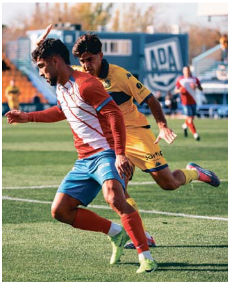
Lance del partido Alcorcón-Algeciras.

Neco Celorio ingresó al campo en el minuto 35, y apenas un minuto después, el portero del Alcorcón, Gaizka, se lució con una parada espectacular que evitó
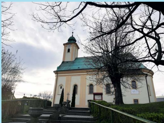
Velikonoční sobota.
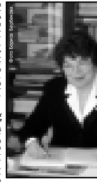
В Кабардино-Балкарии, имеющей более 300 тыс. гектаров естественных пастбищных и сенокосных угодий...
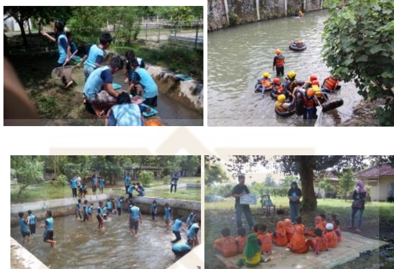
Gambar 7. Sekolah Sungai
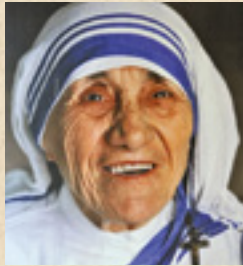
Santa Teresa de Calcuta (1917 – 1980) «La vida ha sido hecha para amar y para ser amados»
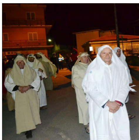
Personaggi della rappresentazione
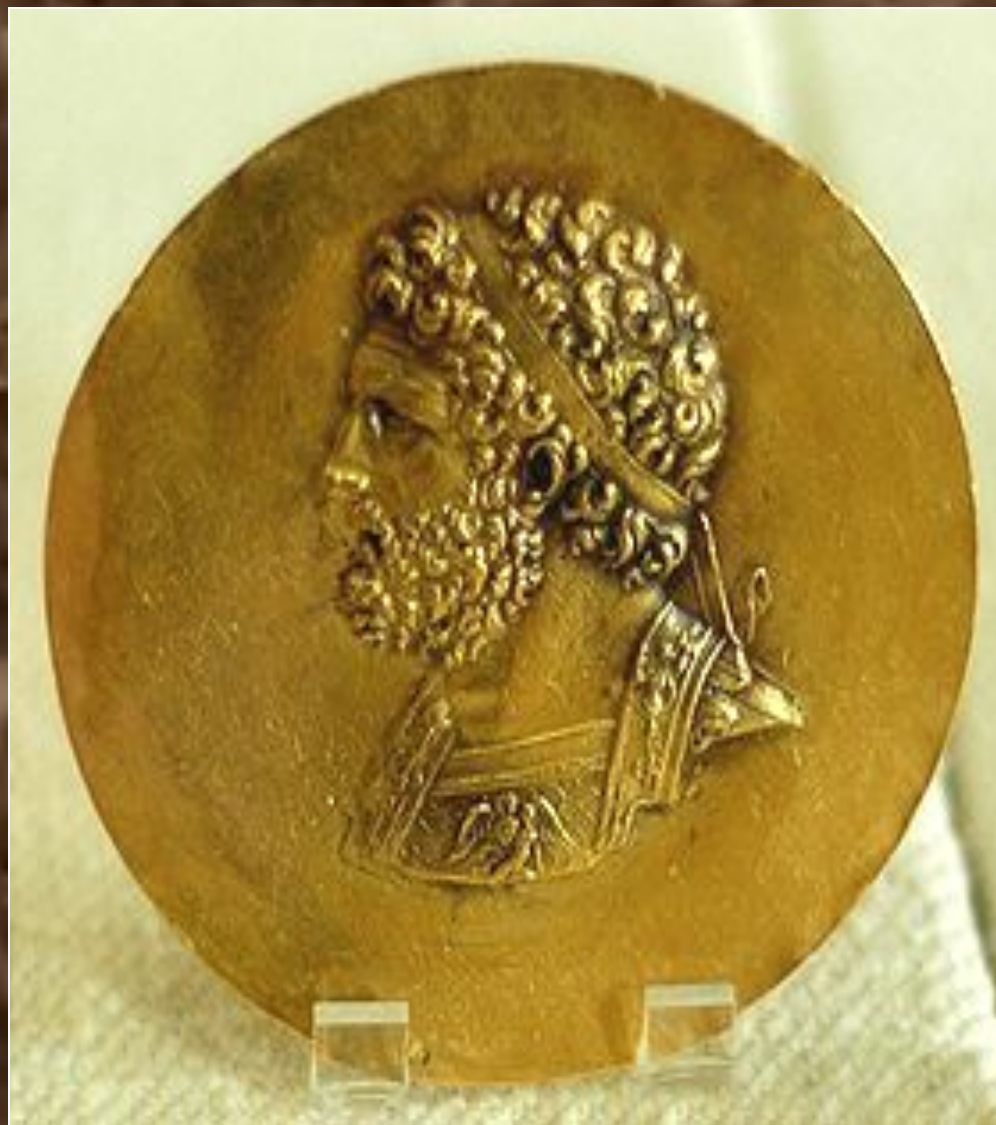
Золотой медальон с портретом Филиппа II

++++++

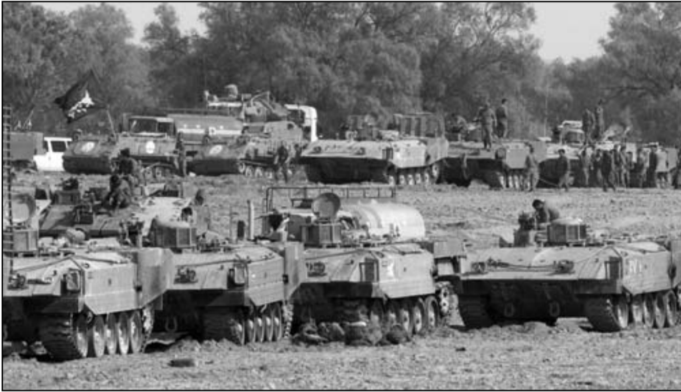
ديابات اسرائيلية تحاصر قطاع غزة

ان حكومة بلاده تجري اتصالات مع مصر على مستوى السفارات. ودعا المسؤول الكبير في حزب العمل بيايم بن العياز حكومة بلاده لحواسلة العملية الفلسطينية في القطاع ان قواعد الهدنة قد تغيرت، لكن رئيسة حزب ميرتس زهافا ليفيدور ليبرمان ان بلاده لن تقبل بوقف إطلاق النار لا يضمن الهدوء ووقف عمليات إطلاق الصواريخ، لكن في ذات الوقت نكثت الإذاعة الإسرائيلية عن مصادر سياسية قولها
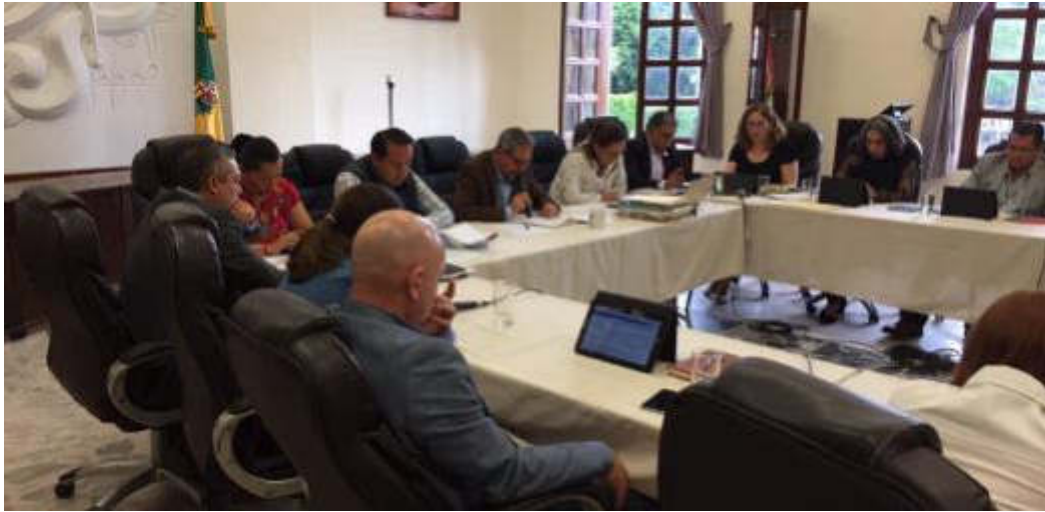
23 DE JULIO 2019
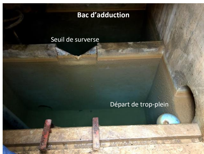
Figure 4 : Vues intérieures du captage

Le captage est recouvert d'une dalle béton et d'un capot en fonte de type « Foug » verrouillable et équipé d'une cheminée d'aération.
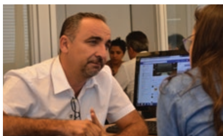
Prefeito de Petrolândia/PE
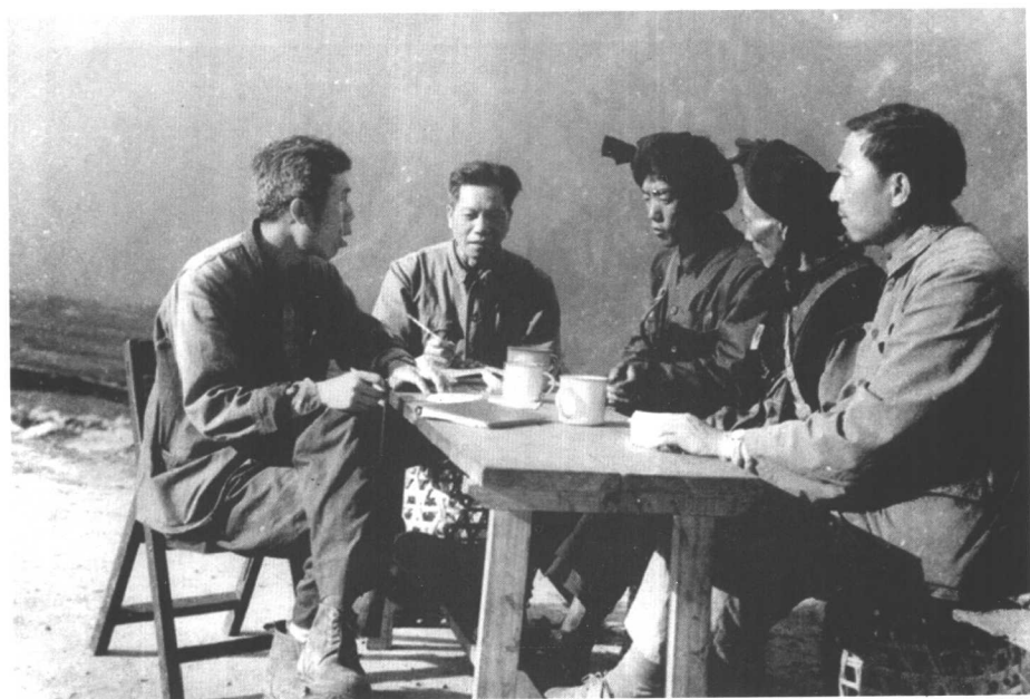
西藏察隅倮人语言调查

++++++

### Instructions for the task
Throughout the material above, find every line holding "Alcorcón" and copy it.

### Answer for the task
Lance del partido Alcorcón-Algeciras.
Neco Celorio ingresó al campo en el minuto 35, y apenas un minuto después, el portero del Alcorcón, Gaizka, se lució con una parada espectacular que evitó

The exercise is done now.